### [PROBLEM TO WORK ON]
Could you set down all of the data again, exactly as it stands?

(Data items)
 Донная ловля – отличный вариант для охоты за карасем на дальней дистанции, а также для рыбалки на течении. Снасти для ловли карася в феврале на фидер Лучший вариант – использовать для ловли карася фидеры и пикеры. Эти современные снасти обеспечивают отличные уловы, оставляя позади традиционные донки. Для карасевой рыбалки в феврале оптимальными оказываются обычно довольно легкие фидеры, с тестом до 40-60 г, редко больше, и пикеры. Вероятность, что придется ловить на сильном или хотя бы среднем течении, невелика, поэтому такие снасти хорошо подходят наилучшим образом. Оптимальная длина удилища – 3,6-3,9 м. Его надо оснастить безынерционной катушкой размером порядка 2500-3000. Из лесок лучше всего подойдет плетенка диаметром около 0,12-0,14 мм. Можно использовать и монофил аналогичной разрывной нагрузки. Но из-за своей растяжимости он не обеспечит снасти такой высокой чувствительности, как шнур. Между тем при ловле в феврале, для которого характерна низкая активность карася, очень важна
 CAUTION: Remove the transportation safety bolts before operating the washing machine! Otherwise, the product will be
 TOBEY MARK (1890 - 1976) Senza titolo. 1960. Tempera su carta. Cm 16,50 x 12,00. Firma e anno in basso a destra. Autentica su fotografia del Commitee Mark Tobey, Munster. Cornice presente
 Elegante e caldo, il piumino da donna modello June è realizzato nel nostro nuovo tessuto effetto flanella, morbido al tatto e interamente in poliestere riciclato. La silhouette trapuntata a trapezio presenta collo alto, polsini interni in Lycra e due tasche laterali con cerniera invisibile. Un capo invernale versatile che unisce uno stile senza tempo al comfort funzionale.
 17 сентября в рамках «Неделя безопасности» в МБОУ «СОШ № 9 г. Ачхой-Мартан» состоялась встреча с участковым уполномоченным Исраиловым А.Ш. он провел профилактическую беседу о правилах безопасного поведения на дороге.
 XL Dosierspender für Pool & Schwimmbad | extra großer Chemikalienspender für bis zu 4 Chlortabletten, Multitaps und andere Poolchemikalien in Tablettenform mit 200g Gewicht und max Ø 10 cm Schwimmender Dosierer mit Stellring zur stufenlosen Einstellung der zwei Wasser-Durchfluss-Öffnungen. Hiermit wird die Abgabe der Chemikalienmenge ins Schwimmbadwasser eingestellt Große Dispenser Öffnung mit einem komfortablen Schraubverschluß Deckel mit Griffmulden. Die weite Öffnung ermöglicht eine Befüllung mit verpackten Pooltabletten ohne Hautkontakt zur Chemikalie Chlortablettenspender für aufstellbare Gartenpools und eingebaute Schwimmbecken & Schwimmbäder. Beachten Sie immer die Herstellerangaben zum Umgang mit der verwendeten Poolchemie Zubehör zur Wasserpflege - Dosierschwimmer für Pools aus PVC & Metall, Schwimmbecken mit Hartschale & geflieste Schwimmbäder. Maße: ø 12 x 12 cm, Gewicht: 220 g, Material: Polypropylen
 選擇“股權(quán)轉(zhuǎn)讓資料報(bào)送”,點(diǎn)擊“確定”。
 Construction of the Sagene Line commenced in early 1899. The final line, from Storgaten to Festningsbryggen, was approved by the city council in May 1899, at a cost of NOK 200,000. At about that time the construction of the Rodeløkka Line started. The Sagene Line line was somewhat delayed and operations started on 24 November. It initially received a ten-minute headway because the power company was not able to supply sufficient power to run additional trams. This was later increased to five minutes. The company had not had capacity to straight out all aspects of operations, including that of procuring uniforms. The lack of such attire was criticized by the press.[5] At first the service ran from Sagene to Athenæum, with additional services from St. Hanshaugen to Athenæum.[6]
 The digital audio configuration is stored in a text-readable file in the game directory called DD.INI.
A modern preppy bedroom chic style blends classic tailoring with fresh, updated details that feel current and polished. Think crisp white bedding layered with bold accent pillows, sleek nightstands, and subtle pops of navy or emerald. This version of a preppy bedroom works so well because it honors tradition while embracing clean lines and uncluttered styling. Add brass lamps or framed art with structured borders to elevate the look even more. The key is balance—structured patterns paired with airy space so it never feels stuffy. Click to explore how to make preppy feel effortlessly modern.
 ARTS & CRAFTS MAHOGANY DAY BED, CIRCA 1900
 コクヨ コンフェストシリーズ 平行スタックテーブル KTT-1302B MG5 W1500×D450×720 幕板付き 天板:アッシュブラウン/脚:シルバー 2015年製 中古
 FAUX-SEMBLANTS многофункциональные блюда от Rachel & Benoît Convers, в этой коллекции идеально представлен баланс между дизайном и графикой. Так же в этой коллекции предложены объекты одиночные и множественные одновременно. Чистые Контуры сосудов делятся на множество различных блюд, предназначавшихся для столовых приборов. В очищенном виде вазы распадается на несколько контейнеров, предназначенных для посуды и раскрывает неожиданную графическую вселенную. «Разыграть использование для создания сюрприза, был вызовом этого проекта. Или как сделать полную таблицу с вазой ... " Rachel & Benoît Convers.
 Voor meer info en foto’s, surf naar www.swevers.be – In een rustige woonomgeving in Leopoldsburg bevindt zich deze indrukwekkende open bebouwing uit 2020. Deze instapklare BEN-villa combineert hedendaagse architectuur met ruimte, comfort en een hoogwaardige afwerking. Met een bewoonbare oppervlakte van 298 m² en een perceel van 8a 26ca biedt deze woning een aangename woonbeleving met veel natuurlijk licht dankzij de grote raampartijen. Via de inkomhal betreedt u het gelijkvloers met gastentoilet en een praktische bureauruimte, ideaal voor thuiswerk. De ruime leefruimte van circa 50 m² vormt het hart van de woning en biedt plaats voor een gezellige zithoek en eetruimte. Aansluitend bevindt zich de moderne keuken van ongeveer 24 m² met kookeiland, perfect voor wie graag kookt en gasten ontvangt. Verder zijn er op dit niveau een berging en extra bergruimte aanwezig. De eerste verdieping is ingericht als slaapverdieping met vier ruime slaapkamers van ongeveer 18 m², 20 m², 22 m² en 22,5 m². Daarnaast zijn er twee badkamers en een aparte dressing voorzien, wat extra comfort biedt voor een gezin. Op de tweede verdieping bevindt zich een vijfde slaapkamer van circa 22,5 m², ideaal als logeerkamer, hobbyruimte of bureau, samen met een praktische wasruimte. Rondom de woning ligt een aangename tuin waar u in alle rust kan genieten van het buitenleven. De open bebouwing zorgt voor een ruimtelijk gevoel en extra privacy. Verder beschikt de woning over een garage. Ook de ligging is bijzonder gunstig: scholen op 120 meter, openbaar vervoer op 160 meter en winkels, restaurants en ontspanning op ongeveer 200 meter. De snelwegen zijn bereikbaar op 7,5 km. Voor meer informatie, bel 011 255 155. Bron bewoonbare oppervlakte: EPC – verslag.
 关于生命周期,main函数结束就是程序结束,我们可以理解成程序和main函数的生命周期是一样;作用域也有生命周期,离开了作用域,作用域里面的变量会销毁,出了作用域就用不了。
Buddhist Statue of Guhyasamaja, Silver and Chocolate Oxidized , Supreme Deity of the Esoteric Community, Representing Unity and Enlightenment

### [WRITTEN RESPONSE]
 Донная ловля – отличный вариант для охоты за карасем на дальней дистанции, а также для рыбалки на течении. Снасти для ловли карася в феврале на фидер Лучший вариант – использовать для ловли карася фидеры и пикеры. Эти современные снасти обеспечивают отличные уловы, оставляя позади традиционные донки. Для карасевой рыбалки в феврале оптимальными оказываются обычно довольно легкие фидеры, с тестом до 40-60 г, редко больше, и пикеры. Вероятность, что придется ловить на сильном или хотя бы среднем течении, невелика, поэтому такие снасти хорошо подходят наилучшим образом. Оптимальная длина удилища – 3,6-3,9 м. Его надо оснастить безынерционной катушкой размером порядка 2500-3000. Из лесок лучше всего подойдет плетенка диаметром около 0,12-0,14 мм. Можно использовать и монофил аналогичной разрывной нагрузки. Но из-за своей растяжимости он не обеспечит снасти такой высокой чувствительности, как шнур. Между тем при ловле в феврале, для которого характерна низкая активность карася, очень важна
 CAUTION: Remove the transportation safety bolts before operating the washing machine! Otherwise, the product will be
 TOBEY MARK (1890 - 1976) Senza titolo. 1960. Tempera su carta. Cm 16,50 x 12,00. Firma e anno in basso a destra. Autentica su fotografia del Commitee Mark Tobey, Munster. Cornice presente
 Elegante e caldo, il piumino da donna modello June è realizzato nel nostro nuovo tessuto effetto flanella, morbido al tatto e interamente in poliestere riciclato. La silhouette trapuntata a trapezio presenta collo alto, polsini interni in Lycra e due tasche laterali con cerniera invisibile. Un capo invernale versatile che unisce uno stile senza tempo al comfort funzionale.
 17 сентября в рамках «Неделя безопасности» в МБОУ «СОШ № 9 г. Ачхой-Мартан» состоялась встреча с участковым уполномоченным Исраиловым А.Ш. он провел профилактическую беседу о правилах безопасного поведения на дороге.
 XL Dosierspender für Pool & Schwimmbad | extra großer Chemikalienspender für bis zu 4 Chlortabletten, Multitaps und andere Poolchemikalien in Tablettenform mit 200g Gewicht und max Ø 10 cm Schwimmender Dosierer mit Stellring zur stufenlosen Einstellung der zwei Wasser-Durchfluss-Öffnungen. Hiermit wird die Abgabe der Chemikalienmenge ins Schwimmbadwasser eingestellt Große Dispenser Öffnung mit einem komfortablen Schraubverschluß Deckel mit Griffmulden. Die weite Öffnung ermöglicht eine Befüllung mit verpackten Pooltabletten ohne Hautkontakt zur Chemikalie Chlortablettenspender für aufstellbare Gartenpools und eingebaute Schwimmbecken & Schwimmbäder. Beachten Sie immer die Herstellerangaben zum Umgang mit der verwendeten Poolchemie Zubehör zur Wasserpflege - Dosierschwimmer für Pools aus PVC & Metall, Schwimmbecken mit Hartschale & geflieste Schwimmbäder. Maße: ø 12 x 12 cm, Gewicht: 220 g, Material: Polypropylen
 選擇“股權(quán)轉(zhuǎn)讓資料報(bào)送”,點(diǎn)擊“確定”。
 Construction of the Sagene Line commenced in early 1899. The final line, from Storgaten to Festningsbryggen, was approved by the city council in May 1899, at a cost of NOK 200,000. At about that time the construction of the Rodeløkka Line started. The Sagene Line line was somewhat delayed and operations started on 24 November. It initially received a ten-minute headway because the power company was not able to supply sufficient power to run additional trams. This was later increased to five minutes. The company had not had capacity to straight out all aspects of operations, including that of procuring uniforms. The lack of such attire was criticized by the press.[5] At first the service ran from Sagene to Athenæum, with additional services from St. Hanshaugen to Athenæum.[6]
 The digital audio configuration is stored in a text-readable file in the game directory called DD.INI.
A modern preppy bedroom chic style blends classic tailoring with fresh, updated details that feel current and polished. Think crisp white bedding layered with bold accent pillows, sleek nightstands, and subtle pops of navy or emerald. This version of a preppy bedroom works so well because it honors tradition while embracing clean lines and uncluttered styling. Add brass lamps or framed art with structured borders to elevate the look even more. The key is balance—structured patterns paired with airy space so it never feels stuffy. Click to explore how to make preppy feel effortlessly modern.
 ARTS & CRAFTS MAHOGANY DAY BED, CIRCA 1900
 コクヨ コンフェストシリーズ 平行スタックテーブル KTT-1302B MG5 W1500×D450×720 幕板付き 天板:アッシュブラウン/脚:シルバー 2015年製 中古
 FAUX-SEMBLANTS многофункциональные блюда от Rachel & Benoît Convers, в этой коллекции идеально представлен баланс между дизайном и графикой. Так же в этой коллекции предложены объекты одиночные и множественные одновременно. Чистые Контуры сосудов делятся на множество различных блюд, предназначавшихся для столовых приборов. В очищенном виде вазы распадается на несколько контейнеров, предназначенных для посуды и раскрывает неожиданную графическую вселенную. «Разыграть использование для создания сюрприза, был вызовом этого проекта. Или как сделать полную таблицу с вазой ... " Rachel & Benoît Convers.
 Voor meer info en foto’s, surf naar www.swevers.be – In een rustige woonomgeving in Leopoldsburg bevindt zich deze indrukwekkende open bebouwing uit 2020. Deze instapklare BEN-villa combineert hedendaagse architectuur met ruimte, comfort en een hoogwaardige afwerking. Met een bewoonbare oppervlakte van 298 m² en een perceel van 8a 26ca biedt deze woning een aangename woonbeleving met veel natuurlijk licht dankzij de grote raampartijen. Via de inkomhal betreedt u het gelijkvloers met gastentoilet en een praktische bureauruimte, ideaal voor thuiswerk. De ruime leefruimte van circa 50 m² vormt het hart van de woning en biedt plaats voor een gezellige zithoek en eetruimte. Aansluitend bevindt zich de moderne keuken van ongeveer 24 m² met kookeiland, perfect voor wie graag kookt en gasten ontvangt. Verder zijn er op dit niveau een berging en extra bergruimte aanwezig. De eerste verdieping is ingericht als slaapverdieping met vier ruime slaapkamers van ongeveer 18 m², 20 m², 22 m² en 22,5 m². Daarnaast zijn er twee badkamers en een aparte dressing voorzien, wat extra comfort biedt voor een gezin. Op de tweede verdieping bevindt zich een vijfde slaapkamer van circa 22,5 m², ideaal als logeerkamer, hobbyruimte of bureau, samen met een praktische wasruimte. Rondom de woning ligt een aangename tuin waar u in alle rust kan genieten van het buitenleven. De open bebouwing zorgt voor een ruimtelijk gevoel en extra privacy. Verder beschikt de woning over een garage. Ook de ligging is bijzonder gunstig: scholen op 120 meter, openbaar vervoer op 160 meter en winkels, restaurants en ontspanning op ongeveer 200 meter. De snelwegen zijn bereikbaar op 7,5 km. Voor meer informatie, bel 011 255 155. Bron bewoonbare oppervlakte: EPC – verslag.
 关于生命周期,main函数结束就是程序结束,我们可以理解成程序和main函数的生命周期是一样;作用域也有生命周期,离开了作用域,作用域里面的变量会销毁,出了作用域就用不了。
Buddhist Statue of Guhyasamaja, Silver and Chocolate Oxidized , Supreme Deity of the Esoteric Community, Representing Unity and Enlightenment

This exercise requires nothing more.